According to the Administration on Aging, part of the Department of Health and Human Services, there were 39.6 million people 65 and older in 2009 (the latest year for which data is available), or 12.9 percent of the U.S. population, about one in every eight Americans. By 2030, there will be about 72.1 million older persons, more than twice the number in 2000. Representing 12.4 percent of the population in 2000, people 65 and older are expected to grow to be 19 percent of the population by 2030.

“Dr. Dugan is an outstanding leader, clinician and investigator,” said Tom Elasy, M.D., MPH, Ann and Roscoe R. Robinson professor of Clinical Research at the Diabetes Center and director of the Division of General Internal Medicine and Public Health. “Her clear and compelling vision for Geriatric Medicine resonates well with our priorities.”

Dugan said there’s a strong need for more innovative and effective ways to care for seniors. “It’s an emotionally and financially difficult situation for many families. They love their parents, or aunt or uncle or spouse, and will do anything for them, but they encounter a system that’s extremely difficult or impossible to navigate to get the health care they need. The future of our country and the world can benefit from a different approach.”

Dugan said caring for the elderly also affects the economic growth of the country. She sees a need for better preventive geriatric medicine.
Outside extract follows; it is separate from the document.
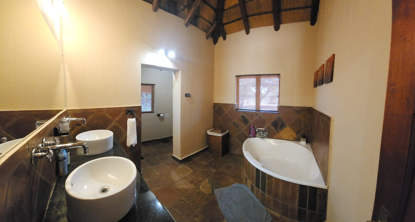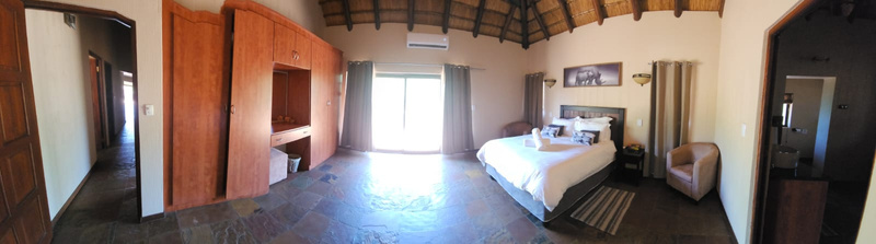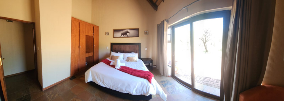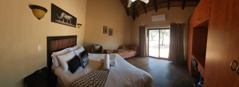 Queen size bed, vanity nook, air conditioner, ceiling fan

“If we continue our current health care approach for older individuals — if you just run the demographic numbers — it’s going to be devastating financially and also an impairment to economic growth in our country,” she said. “When an older individual is ill and the system can’t deal with them, then the family takes on that challenge, impacting the workforce that’s supposed to be driving the economic engine of this nation.

“There’s a compelling need to bring some of the research that’s gone into aging and geriatrics into the clinic more rapidly than is being done right now,” Dugan said. “In a practical sense, if we don’t do a better job of keeping people of all ages healthy, no Obamacare or anything can keep the financial result from being devastating. I think we can provide much better care of older individuals, using preventive geriatrics along with research to provide outstanding innovative health care of seniors.”

Before joining the UCSD faculty in 2005 with joint appointments in Medicine and Neurosciences, Dugan was at Washington University for 11 years, where she cared for patients with dementia and Alzheimer’s.

She received her bachelor’s degree in Life Sciences from Massachusetts Institute of Technology, and her medical degree from The Ohio State University College of Medicine. She completed residency training in Internal Medicine at the University of California, San Francisco, and was chief resident in Medicine her final year.

Her interest in the aging brain emerged during her residency, after which she completed a geriatric fellowship at Stanford.

“I realized that about 25 percent of my patients were over 65. They have different care needs, different diseases. I didn’t feel like I had the expertise to do a good job, and I realized this is who we’re going to be caring for in the future, recognizing that the demographics even then were aging.”

Dugan said that every family should be fortunate enough to spend quality time with its older members.

“I had very good luck. I knew all four of my grandparents; both my paternal grandfather and my maternal grandmother lived to a very old age. My parents are both very healthy seniors and my son has very healthy grandparents. There’s a value in knowing these adults as really wonderful family members.”

Dugan and her husband, Paul Demediuk, a research and IT manager at UCSD, have an 8-year-old son, Brendan. “We’re very excited to be in Nashville and to live closer to our families in Ohio and Illinois.”